(Bloomberg) -- New Zealand’s central bank raised interest rates by a half-percentage point for a fifth consecutive meeting and signaled more to come, reinforcing the global drive to crush inflation.

The currency and bond yields rose as the Reserve Bank increased its Official Cash rate to 3.5% on Wednesday in Wellington, as expected. The RBNZ is in the midst of its most aggressive tightening cycle since the OCR was introduced in 1999 to rein in spiraling consumer prices.

“The key messages in the statement suggest the RBNZ is on track to deliver another 50 basis points in November and remains firm in its stance,” said Nick Tuffley, chief economist at ASB Bank. He forecasts a 4.25% peak rate in early 2023, with risks “clearly skewed up.”

The currency jumped in response to the central bank’s hawkish tone, touching 58 US cents for the first time in 11 days before easing back. Bond and swap yields also climbed, while stocks pared gains.

New Zealand’s policy determination reflects its view that inflation is the No. 1 priority after it soared to a 32-year high in the second quarter. That contrasts with Australia which surprised markets Tuesday with a quarter-point increase as it tries to rein in consumer prices while also keeping its economy afloat.

“The Committee agreed it remains appropriate to continue to tighten monetary conditions at pace,” the RBNZ said in its post-meeting statement. “Core consumer price inflation is too high.”

The RBNZ has been at the forefront of global tightening, though the Federal Reserve has rapidly closed the gap with three 75-point moves  to take its benchmark federal funds rate target to 3-3.25%. 

Those steps and projections of further tightening have boosted the greenback and weighed on other currencies including New Zealand’s. 

Weaker Kiwi

“A lower New Zealand dollar, if sustained, poses further upside risk to inflation over the forecast horizon,” the RBNZ said. 

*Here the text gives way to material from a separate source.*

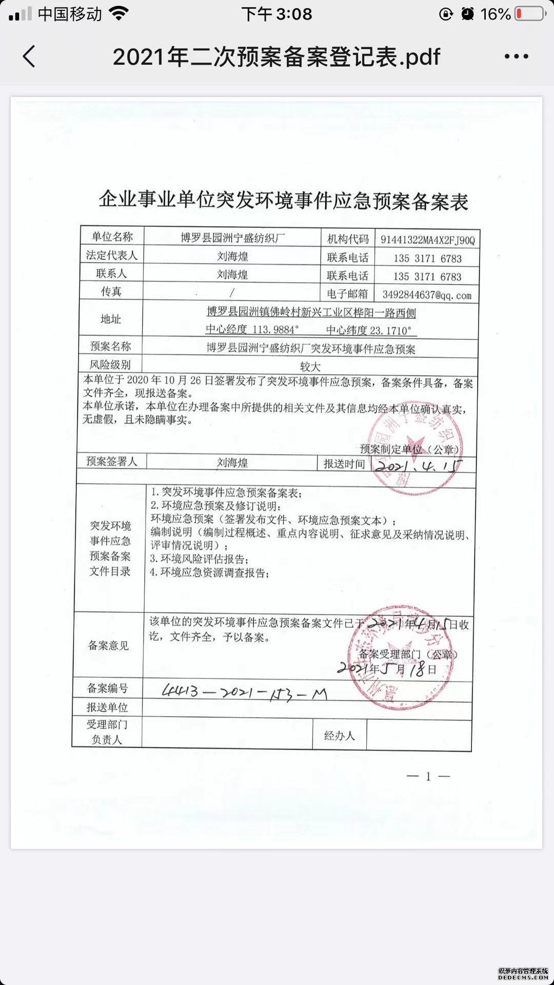 附件鏈接: 《博羅縣園洲寧盛紡織廠突發(fā)環(huán)境事件應急預案備案登記表》 |

The bank didn’t make any reference to its most recent projections in August, which showed the benchmark rate rising to an average 4.1% early next year. Some economists expect the OCR will need to keep rising in 2023, with ANZ Bank New Zealand predicting a peak of 4.75%.

After raising the OCR by 3.25 percentage points in 12 months, the RBNZ must now balance the risk of fresh inflation pressure from a weaker currency against the impact its hikes are already having on the property market and economic activity.  

House prices suffered their second-biggest quarterly drop on record in the three months through September, while businesses remain downbeat on the economy and their own profitability.  

What Bloomberg Economics Says...

“The RBNZ’s outlook has not fully adjusted to global growth risks and an easing in inflation pressures. We think the RBNZ will shift to smaller rate hikes over coming months as it approaches the end of its tightening cycle.”

--James McIntyre, economist

For full note, click here

Policymakers considered hiking the benchmark by 75 basis points before opting for 50, with some members arguing “that a larger increase in the OCR now would reduce the likelihood of a higher peak in the OCR being required,” the RBNZ said. 

The bank “was unusually explicit” in revealing that debate, said Michael Gordon, acting New Zealand chief economist at Westpac Banking Corp. in Auckland who expects the OCR will rise to 4.5% by February. 

“This suggests that the RBNZ is now eying a considerably higher peak than the 4.1% from its August projections.”